Schon der Buchumschlag läßt nichts Gutes ahnen: „101 Ideen für Besucher und Reisende in Irland – Der unentbehrliche Reisebegleiter, der Ihnen den Zauber Irlands erschließt“, steht auf dem schmalen, aber durchgängig vierfarbig gedruckten Pappbändchen. Der Dubliner Verlag Gill and Macmillan hat sich auf den Touristenmarkt spezialisiert und bringt seine unglaublich trivialen Bücher („Schönes Irland“) nicht nur in englisch, sondern auch in einer französischen und deutschen Ausgabe heraus. Die „101 Ideen“ von Ian Hill wurden allerdings in England konzipiert, in Dublin übersetzt, in Singapur gedruckt und zielen auf die US-Kundschaft ab. Oder sind etwa deutsche Urlauber mit dem Hinweis gemeint, sich auf die Suche nach ihren Vorfahren zu machen? Ebenso wenig dürfte es die meisten Nicht-Amis interessieren, daß Ronald Reagan dereinst das Dorf Ballyporeen besucht hat. Und auf wen ist wohl der folgende Ratschlag zugeschnitten: „Parken Sie Ihren Wagen bei einem Bach und kurbeln Sie das Fenster herunter. Deswegen sind Sie gekommen.“ Eher kryptisch ist dagegen dieser Tip: „Spielen Sie Bezigue mit Miss Tottenham in Fethard's Loftus Hall Hotel. 1750 saß der Teufel mit ihr am Spieltisch. Ihr Geist spielt heute noch.“ Wer, zum Teufel, ist Miss Tottenham? Bücher, die überhaupt keinen Informationsgehalt haben, sind selten. Dieses ist eins. Der Text ist lediglich Rahmen für die briefmarkengroßen Bilder und noch dazu im Imperativ: „Begegnen Sie Wildvögeln! Besichtigen Sie! Besuchen Sie! Zockeln Sie! Laufen Sie! Pausieren Sie! Stellen Sie sich im Frühjahr auf die Salmon Weir Bridge!“ Lassen Sie die Hände von dem Buch!

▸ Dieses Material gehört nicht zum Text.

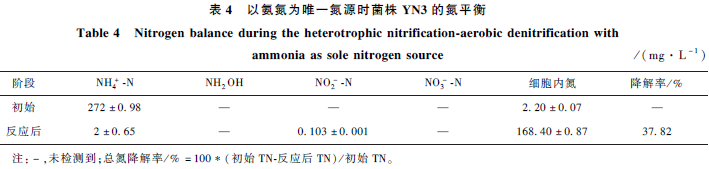 菌株YN3 硝化實驗中的氮平衡分析如表4 所示。以氨氮作為初始氮源,初始總氮濃度為274. 2 mg·L - 1 。反應最后,氨氮下降到2 mg·L - 1 ,伴隨著微量的亞硝酸鹽的積累,而羥胺和硝酸鹽幾乎無積累。與初始總氮相比,在整個異養硝化-好氧反硝化過程中37. 8% 的初始氮被菌株降解,以轉化成氣體產物的形式被去除,62. 0% 的初始氮被菌株YN3 轉化為生物量,說明菌株YN3 具有良好的異養硝化作用。
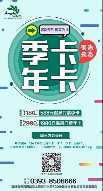 溫泉門票年卡:原價2980元,優(yōu)惠價1980元
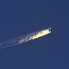 Captura de vídeo que muestra al avión al ser derribado cerca de la frontera entre Siria y Turquía.
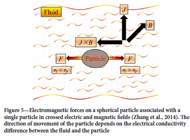 The application of magnetic fields, commonly referred to as magnetohydrodynamic (MHD) processing in process and engineering metallurgy, is not new. Various forms of MHD principles have been widely adopted in the processing of conducting metallic melts, particularly in areas such as electro slag re-melting, homogenization of alloys, inclusion removal, and controlled solidification of metallic melts and alloys (Asai, 2012; Davidson, 1999; Fautrelle et al., 2009; Leenov and Kolin, 1954; Takahashi and Taniguchi, 2003; Zhang et al., 2014). Magnetohydrodynamic studies focus on the magnetic properties and behaviour of electrically conducting fluids such as plasmas, liquid metals, sea water, and electrolytes (Asai, 2012; Davidson, 1999; Fautrelle et al., 2009; Leenov and Kolin, 1954). Magnetohydrodynamic processing exploits the different behaviours of electrically conducting particles in an electromagnetic field, with different materials exhibiting different behaviours under static or transient magnetic fields. The MHD behaviour of electrically conducting fluids is governed by a combination of Maxwell's equations, Ohm's law and Navier-Stokes equations on fluid flow in electric and magnetic fields. The fluid driving force is induced by imposing a direct electric current and a magnetic field, F = J x B or by imposing a travelling magnetic field (Asai, 2012; Davidson, 1999; Fautrelle et al., 2009; Leenov and Kolin, 1954; Scepanskis and Jakovics, 2016; Takahashi and Taniguchi, 2003; Zhang et al., 2014). In this case, J and B denote current density and magnetic flux, respectively.
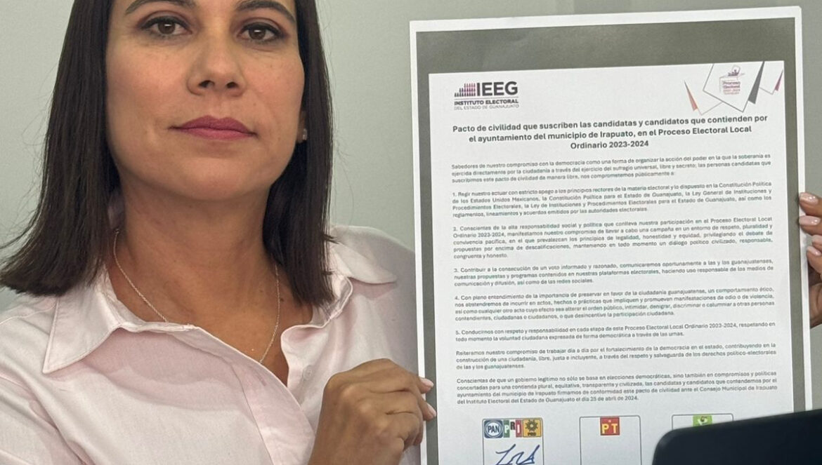 Irapuato, Guanajuato. 25 de abril del 2024.- Para contribuir a lograr un ambiente de respeto, diálogo y tolerancia entre las y los actores políticos durante el actual proceso electoral, Lorena Alfaro García, candidata a la Presidencia de Irapuato por la Coalición Fuerza y Corazón por Guanajuato, firmó el Pacto de Civilidad Política del Instituto Electoral del Estado de Guanajuato (IEEG).

Wenn Sie wirklich etwas über Irland erfahren wollen, kaufen Sie besser den deutschsprachigen Kneipenführer „Old Irish Pubs“ von Michael Nagl (Text) und Robert Moosmüller (Fotos). Insgesamt werden 44 Kneipen vorgestellt, wobei auch Nordirland nicht ausgespart wird. Selbst mein Lieblings-Pub, das „Crosskeys Inn“ in Toome, ist enthalten, und auch die beiden Belfaster Hafenspelunken „Pat's Bar“ und „Rotterdam Bar“ fehlen nicht. Darüber hinaus enthält das Buch Kapitel über Whiskey, Guinness, Literatur und Suff, die Abstinenzlerbewegung, die leidige Sperrstunde und vieles mehr. Aber Vorsicht: Beim Lesen kommt der Durst.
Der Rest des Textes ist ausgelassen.